* **TASK PROMPT**
Produce the lines from the one containing "Tờ rơi vương" through the end of the material exactly as they appear, both ends included, and leave the pictures out.

TASK DATA: Begin

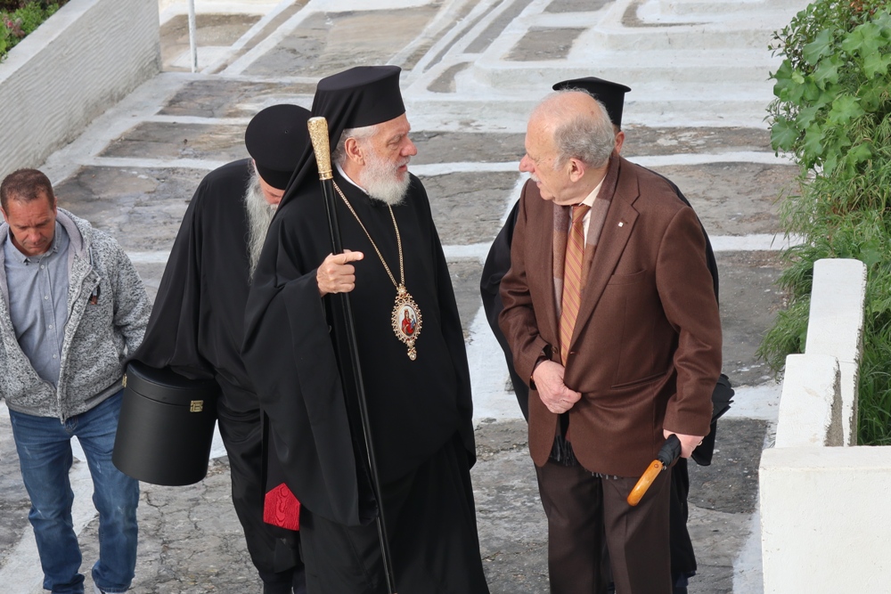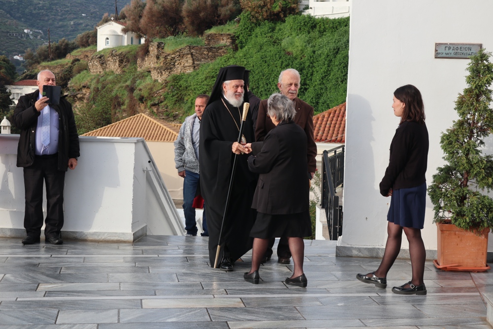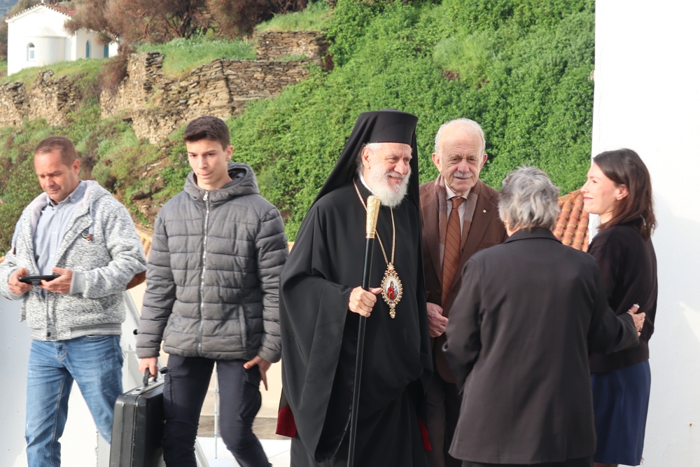 Στην ομιλία του ο Σεβασμιώτατος Μητροπολίτης Σύρου κ. Δωρόθεος Β’ υπογράμμισε ότι σήμερα η Άνδρος ανασύρει από τα βάθη της συλλογικής μνήμης τα θαυμάσια της Παναγίας Θεοσκεπάστου προς τους Ανδρίους, η Οποία πάντοτε εισακούει τις προσευχές τους.
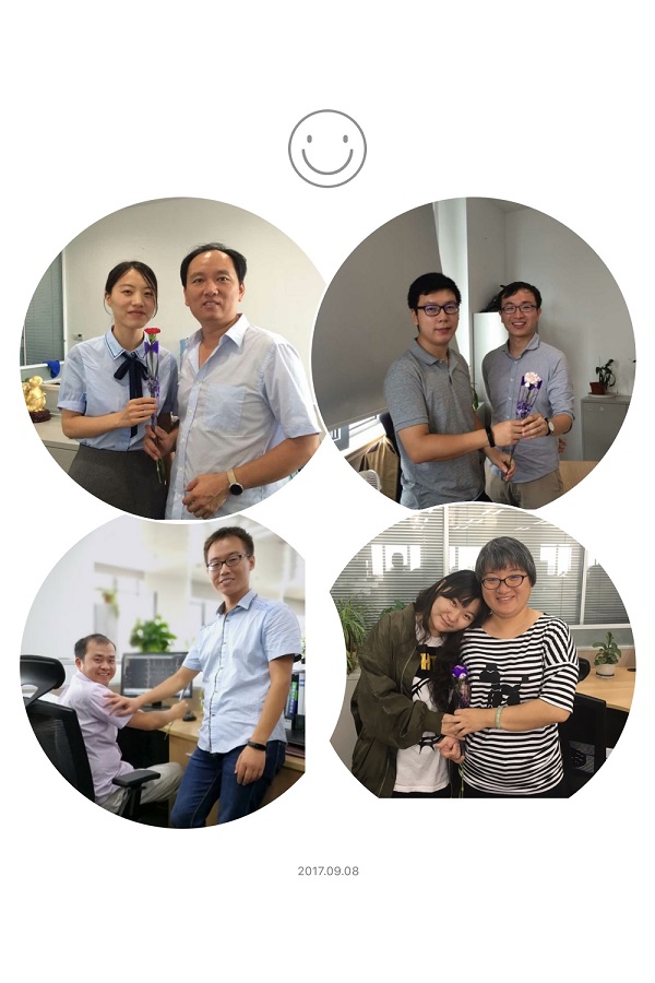 勝幫科技本著“以人為本,服務(wù)社會(huì)”的理念,值此教師節(jié)到來(lái)之際,組織了“獻(xiàn)鮮花,謝師恩”主題活動(dòng),以此表達(dá)公司及各位領(lǐng)導(dǎo)對(duì)師父?jìng)冃量喙ぷ鞯母兄x。同時(shí),徒弟們也借此機(jī)會(huì)表達(dá)了自己的感恩之情。
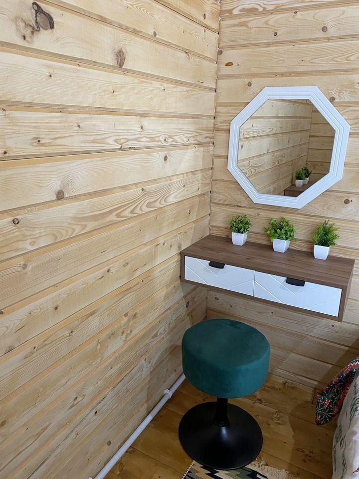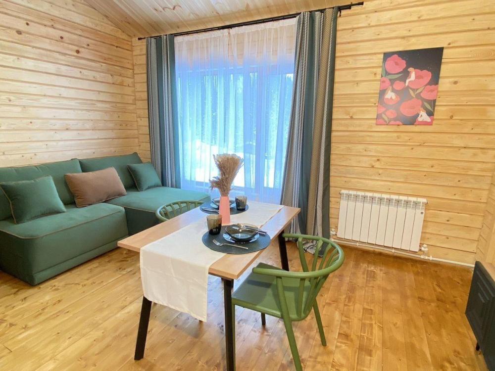 Дом рассчитан на до 6 гостей и включает две спальни: одну с кроватью 160×200 см, комодом, тумбочкой, туалетным столиком и пуфиком, а другую с двумя односпальными кроватями 90×200 см, комодом и тумбочкой. Гостиная с кухней и обеденной зоной оборудована индукционной плитой, холодильником, посудомоечной машиной, микроволновкой, чайником, полным комплектом посуды, большим диваном, телевизором и обеденным столом на 6 персон. В доме есть современный санузел с феном и полотенцами, а на террасе с видом на гору Синюха идеально пить утренний кофе или отдыхать вечером. Также на участке расположена зона для барбекю.
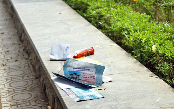 Tờ rơi vương vãi khắp nơi ảnh hưởng đến mỹ quan đô thị. (Ảnh: Hồng Minh)
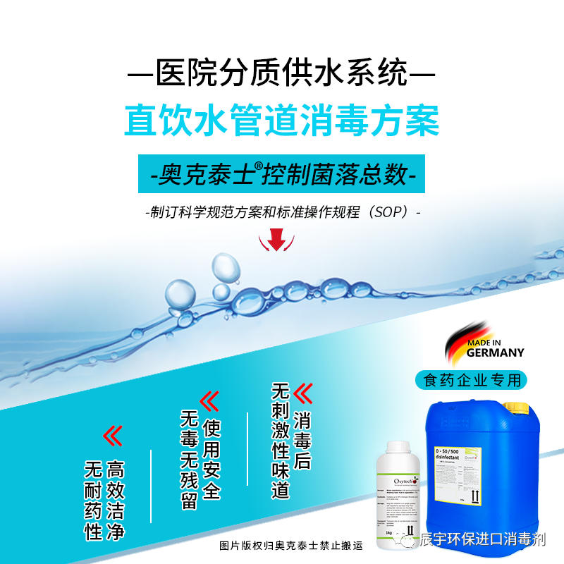 奥克泰士消毒剂,D-50/500(过氧化氢银离子)是一种专业的生态型消毒剂,对生物膜、细菌、真菌、病毒具有深度效力,能够有效解决水系统的耗氧量(有机物污染)和菌落总数超标等顽固性问题,且其消毒后没有刺激性味道,无色无味,食品级生态安全无毒无残留,很好的解决客户的痛点问题。是饮用水系统消毒的理想选择。

TASK DATA: End

* **YOUR SOLUTION**
 Tờ rơi vương vãi khắp nơi ảnh hưởng đến mỹ quan đô thị. (Ảnh: Hồng Minh)
 奥克泰士消毒剂,D-50/500(过氧化氢银离子)是一种专业的生态型消毒剂,对生物膜、细菌、真菌、病毒具有深度效力,能够有效解决水系统的耗氧量(有机物污染)和菌落总数超标等顽固性问题,且其消毒后没有刺激性味道,无色无味,食品级生态安全无毒无残留,很好的解决客户的痛点问题。是饮用水系统消毒的理想选择。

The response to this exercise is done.